Field characters. Size 25-29 cm. Weight 201 g (91-242) (Dunning, 1993). Smallest of the grebes. With blunt-ended body, short neck, and short, relatively stout bill. In breeding plumage upperparts dark brown with chestnut throat, cheeks and foreneck. The base of the bill and gape bright yellowish green, forming distinctive light marks on otherwise dark head. Flanks dusky brown; underparts mixture of white and black-brown. In winter underparts much paler, with white chin and cheeks, throat and foreneck brown-buff. Juvenile with irregular white spots on sides of head. In flight with hardly any white on wings.
Voice. A loud, whinnying trill, also a short 'wit, wit'.
Distribution. Common resident. Secretive, probably nocturnal, migration occurs. Map: see MapIt.

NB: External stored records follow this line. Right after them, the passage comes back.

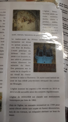 Read moreL'église Saint Goulven est classée monument historique ainsi que son cimetière qui entoure l'église. Elle se remarque de loin avec son clocher et sa flèche sculptée. A l'entrée douze statues des apôtres sont intéressantes. Le bois est très présent : un magnifique orgue de tribune, de belles sculptures, une chaire à prêcher travaillée avec des anges, un vitrail de la vie de Saint Goulven en font une église incontournable. Le joli jardin du souvenir charmant et paisible est à découvrir...
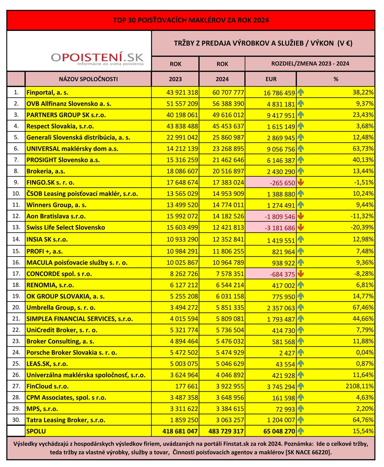Rebríček reflektuje aktuálnu výkonnosť trhu a poskytuje odborný pohľad na dynamiku sektora. Tržby jednotlivých spoločností boli spracované na základe účtovných výkazov za rok 2024, pričom poradie odzrkadľuje ich obchodnú silu v oblasti sprostredkovania poistenia.
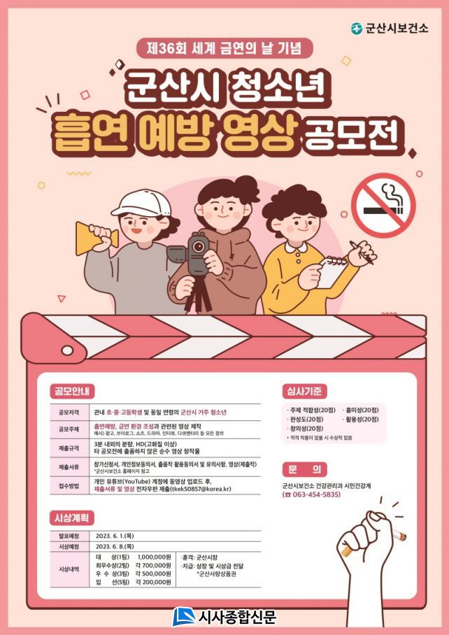 Èñ¸Á Âü°¡ÀÚ´Â ¿À´Â 29ÀϱîÁö ±º»ê½Ã º¸°Ç¼Ò ȨÆäÀÌÁö¸¦ Âü°íÇØ Á¦Ãâ¼·ù ¹× ¿µ»óÀ» ÀüÀÚ¿ìÆí(tkek50857@korea.kr)À¸·Î Á¦ÃâÇÏ¸é µÈ´Ù. ½É»çÀ§¿øÀÇ ½É»ç¸¦ ÅëÇØ ´ë»ó 1¸í(100¸¸¿ø), ÃÖ¿ì¼ö»ó 2¸í(70¸¸¿ø) ¿ì¼ö»ó 3¸í(50¸¸¿ø), ÀÔ¼± 5¸í(20¸¸¿ø) ÃÑ 11¸íÀ» ¼±Á¤ÇØ ±º»ê»ç¶û»óǰ±Ç°ú »óÀåÀ» Áö±ÞÇÒ °èȹÀÌ´Ù. ¼ö»óÀÛÀº 6¿ù Áß º¸°Ç¼Ò ȨÆäÀÌÁö¸¦ ÅëÇØ ¹ßÇ¥ÇÒ ¿¹Á¤ÀÌ´Ù.
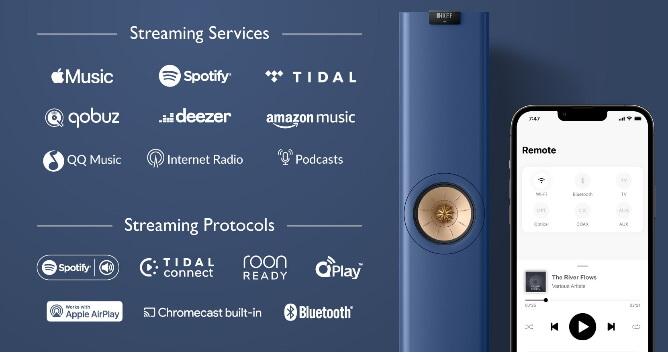 LS60 Wireless обеспечивает готовую беспроводную совместимость с Wi-Fi, Apple AirPlay 2, Google Chromecast и Bluetooth. С помощью приложения KEF Connect вы можете транслировать Amazon Music, Qobuz и Deezer или настраиваться на интернет-радио и подкасты. Вы можете использовать нативные приложения для потоковой передачи непосредственно из Spotify Connect, Tidal Connect и QPlay, и они совместимы с Roon*. LS60 Wireless также поддерживает потоковую передачу файлов PCM до 24 бит/384 кГц, а также декодирование DSD и MQA^, что позволяет воспроизводить аудиофайлы и потоки MQA, обеспечивая звук оригинальной мастер-записи.
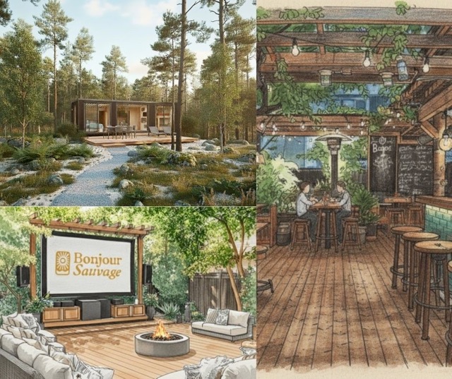 BonjourSauvage ne construit pas ex nihilo : elle métamorphose deux anciens campings en écosystèmes hôteliers immersifs :
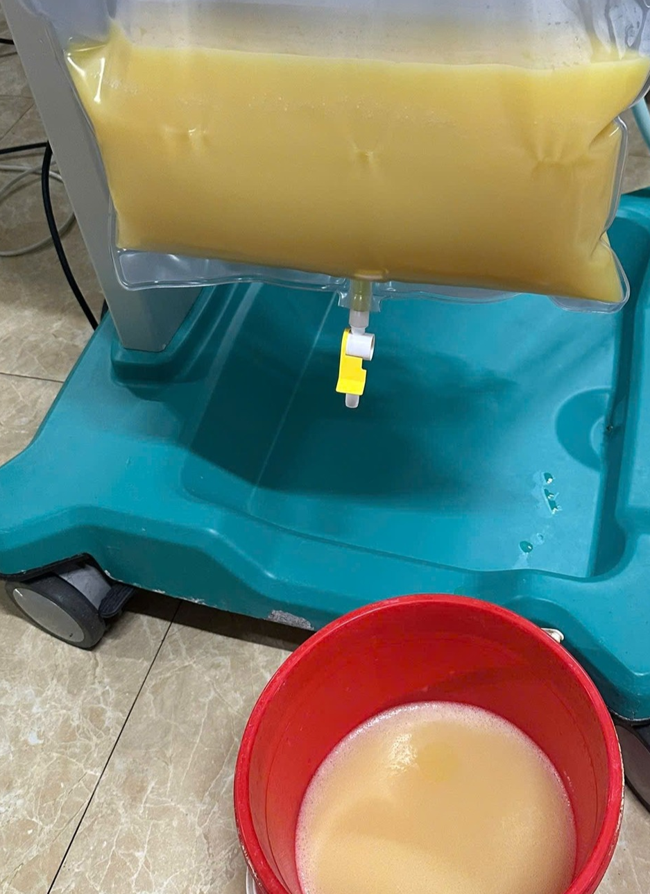 Trao đổi với báo VietNamNet, bác sĩ Lương Minh Tuấn, Phó giám đốc Bệnh viện Hùng Vương, cho biết ngay khi tiếp nhận người bệnh, ê-kíp trực đã nhanh chóng cấp cứu và tiến hành các xét nghiệm cần thiết. Chỉ số cholesterol là 28 mmol/l, triglycerid là 68,14 mmol/l gấp 40 lần người bình thường (1,7mmol/l). Ông G. được chẩn đoán viêm tụy cấp, nguy cơ tử vong cao và cần phải hồi sức tích cực, lọc máu liên tục. Các bác sĩ không thể tin nổi các túi, xô chứa dịch lọc của người bệnh đều là mỡ tách ra.
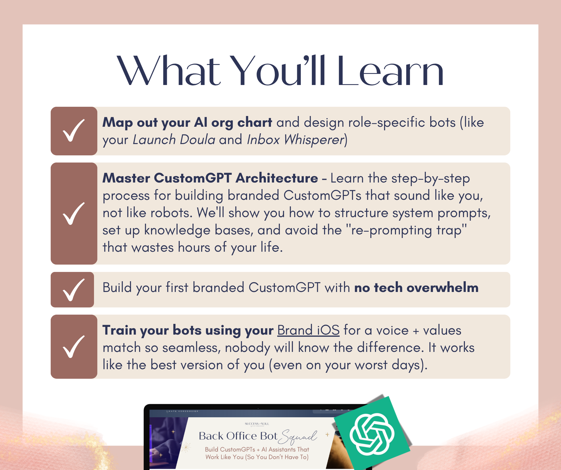 Back Office Bot Squad is your self-paced course to build your own AI dream team—CustomGPTs and AI assistants that get your voice, respect your boundaries, and run your workflows for you—so you can spend more time doing the work only you can do (i.e. showing up fully present for your clients, your family, and your own creative work).
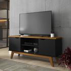 Rack Bancada para Sala de Estar com 2 Portas e Pés em Madeira Maciça com Capacidade para TV's de até 55 Polegadas Flow Ej Móveis - Preto

Habitat. In breeding season broad spectrum of habitats: all sorts of still and slow-moving freshwaters with some cover in open country or in forests; also on canals, slow-moving rivers, deltas, and streams. Outside breeding season on more open and exposed inland waters, and on coasts and estuaries.
Food. Insects, molluscs, crustaceans, amphibian larvae, small fish. Obtains prey chiefly by diving (up to 1 m) but also snatches insects from the air or from the water surface.